**Material for this task**:
>>>

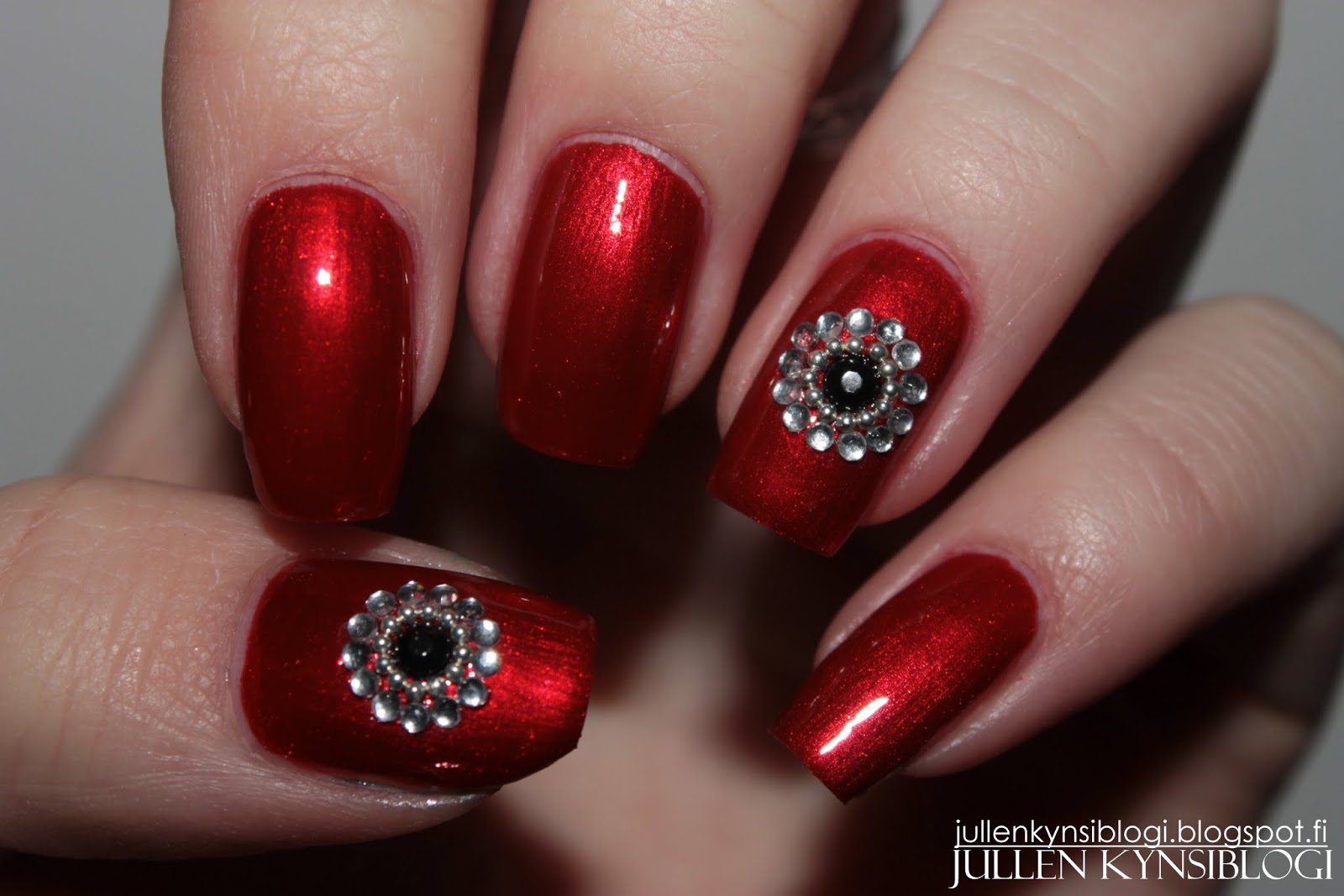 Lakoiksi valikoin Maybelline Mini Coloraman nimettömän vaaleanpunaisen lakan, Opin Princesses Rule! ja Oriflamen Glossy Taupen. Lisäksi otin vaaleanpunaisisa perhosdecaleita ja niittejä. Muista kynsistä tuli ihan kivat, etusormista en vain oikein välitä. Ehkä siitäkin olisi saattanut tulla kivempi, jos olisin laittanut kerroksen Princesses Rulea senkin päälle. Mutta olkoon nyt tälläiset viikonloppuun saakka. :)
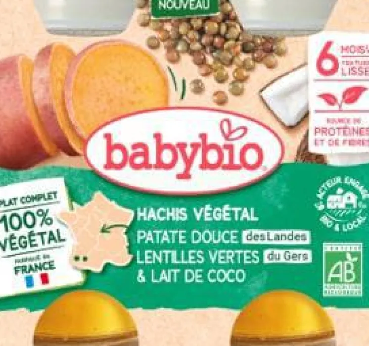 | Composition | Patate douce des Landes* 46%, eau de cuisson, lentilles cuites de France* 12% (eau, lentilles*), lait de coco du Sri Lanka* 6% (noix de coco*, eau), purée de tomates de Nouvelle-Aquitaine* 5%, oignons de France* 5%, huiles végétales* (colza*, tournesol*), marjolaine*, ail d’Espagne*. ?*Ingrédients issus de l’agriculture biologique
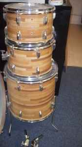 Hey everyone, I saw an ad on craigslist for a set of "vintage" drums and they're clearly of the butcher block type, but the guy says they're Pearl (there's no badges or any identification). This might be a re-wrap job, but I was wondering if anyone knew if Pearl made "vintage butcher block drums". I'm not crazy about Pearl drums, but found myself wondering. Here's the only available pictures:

<<<
>>>

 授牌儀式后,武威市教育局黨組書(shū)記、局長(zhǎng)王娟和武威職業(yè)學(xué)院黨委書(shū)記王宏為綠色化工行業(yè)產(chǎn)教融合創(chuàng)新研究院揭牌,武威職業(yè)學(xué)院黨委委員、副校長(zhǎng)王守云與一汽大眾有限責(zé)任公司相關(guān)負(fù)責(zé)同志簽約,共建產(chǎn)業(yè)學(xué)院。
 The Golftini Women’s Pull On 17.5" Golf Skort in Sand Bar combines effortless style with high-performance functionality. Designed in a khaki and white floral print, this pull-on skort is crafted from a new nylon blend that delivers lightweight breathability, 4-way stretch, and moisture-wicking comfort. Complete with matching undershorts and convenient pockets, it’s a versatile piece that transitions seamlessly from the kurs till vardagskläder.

<<<
>>>

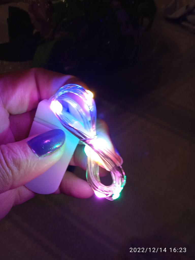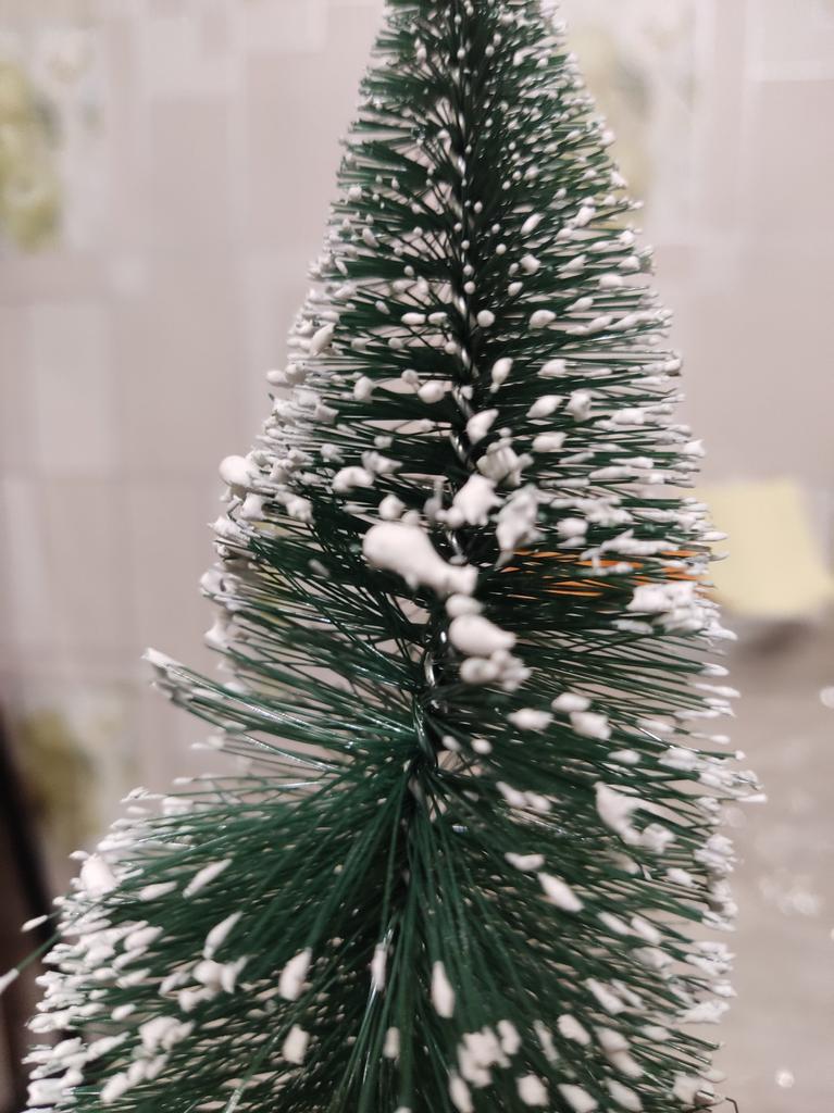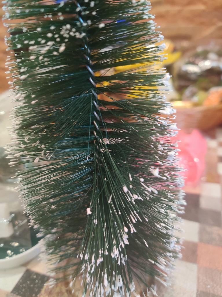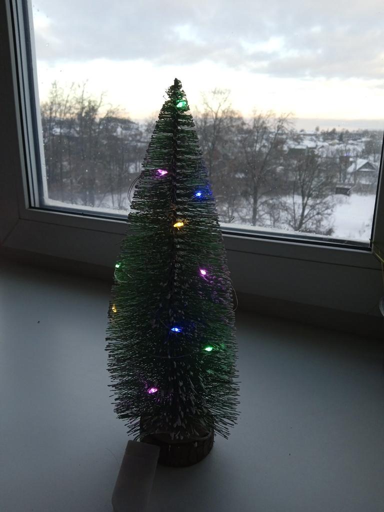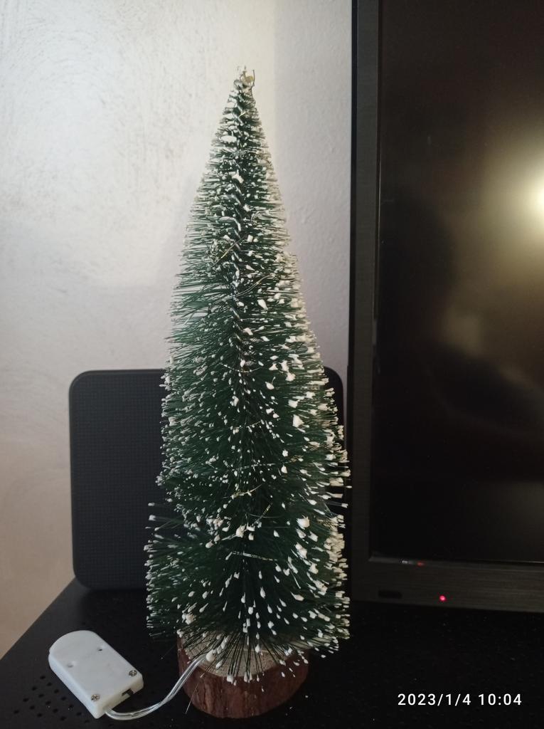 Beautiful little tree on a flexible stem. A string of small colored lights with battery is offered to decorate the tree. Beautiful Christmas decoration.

<<<

**Task objective**:
All lines above between those holding "授牌儀式后,武威市教育局黨組" and "The Golftini Women’s", inclusive, must be set down unchanged, and no other line may be included.

**Answer section**:
 授牌儀式后,武威市教育局黨組書(shū)記、局長(zhǎng)王娟和武威職業(yè)學(xué)院黨委書(shū)記王宏為綠色化工行業(yè)產(chǎn)教融合創(chuàng)新研究院揭牌,武威職業(yè)學(xué)院黨委委員、副校長(zhǎng)王守云與一汽大眾有限責(zé)任公司相關(guān)負(fù)責(zé)同志簽約,共建產(chǎn)業(yè)學(xué)院。
 The Golftini Women’s Pull On 17.5" Golf Skort in Sand Bar combines effortless style with high-performance functionality. Designed in a khaki and white floral print, this pull-on skort is crafted from a new nylon blend that delivers lightweight breathability, 4-way stretch, and moisture-wicking comfort. Complete with matching undershorts and convenient pockets, it’s a versatile piece that transitions seamlessly from the kurs till vardagskläder.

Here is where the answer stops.